_Source material_
= = = = =
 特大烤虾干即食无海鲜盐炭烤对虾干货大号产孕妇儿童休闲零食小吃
= = = = =
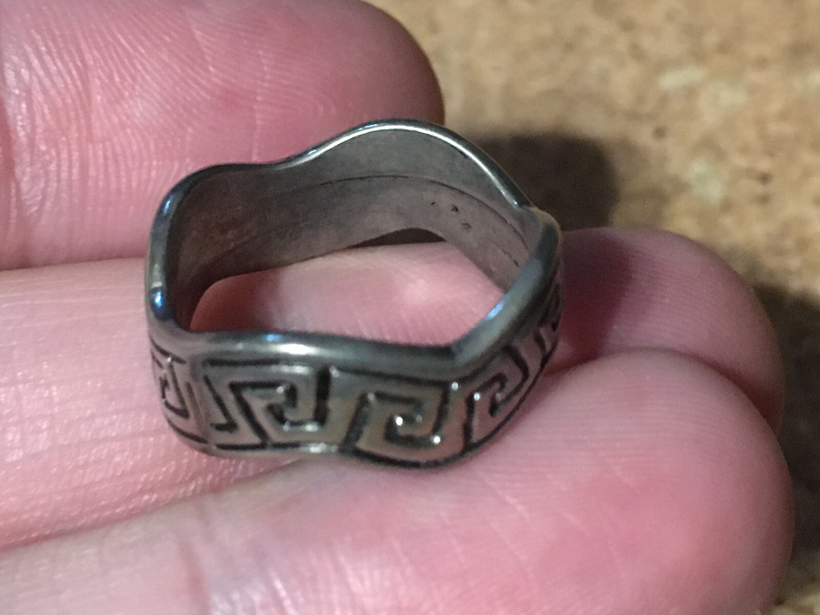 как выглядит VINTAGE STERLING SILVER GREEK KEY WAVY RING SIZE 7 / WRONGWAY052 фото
= = = = =
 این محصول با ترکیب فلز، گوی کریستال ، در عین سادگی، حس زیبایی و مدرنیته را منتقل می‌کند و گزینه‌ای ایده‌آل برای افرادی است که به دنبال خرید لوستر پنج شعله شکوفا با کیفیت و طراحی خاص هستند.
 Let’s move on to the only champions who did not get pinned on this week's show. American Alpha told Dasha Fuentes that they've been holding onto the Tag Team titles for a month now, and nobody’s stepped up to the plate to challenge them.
= = = = =
_Aim of the task_
Copy out, word for word, the part of the entries above that begins at the line with "این محصول با" and ends at the line with "Let’s move on", including both.

_Exercise solution_
 این محصول با ترکیب فلز، گوی کریستال ، در عین سادگی، حس زیبایی و مدرنیته را منتقل می‌کند و گزینه‌ای ایده‌آل برای افرادی است که به دنبال خرید لوستر پنج شعله شکوفا با کیفیت و طراحی خاص هستند.
 Let’s move on to the only champions who did not get pinned on this week's show. American Alpha told Dasha Fuentes that they've been holding onto the Tag Team titles for a month now, and nobody’s stepped up to the plate to challenge them.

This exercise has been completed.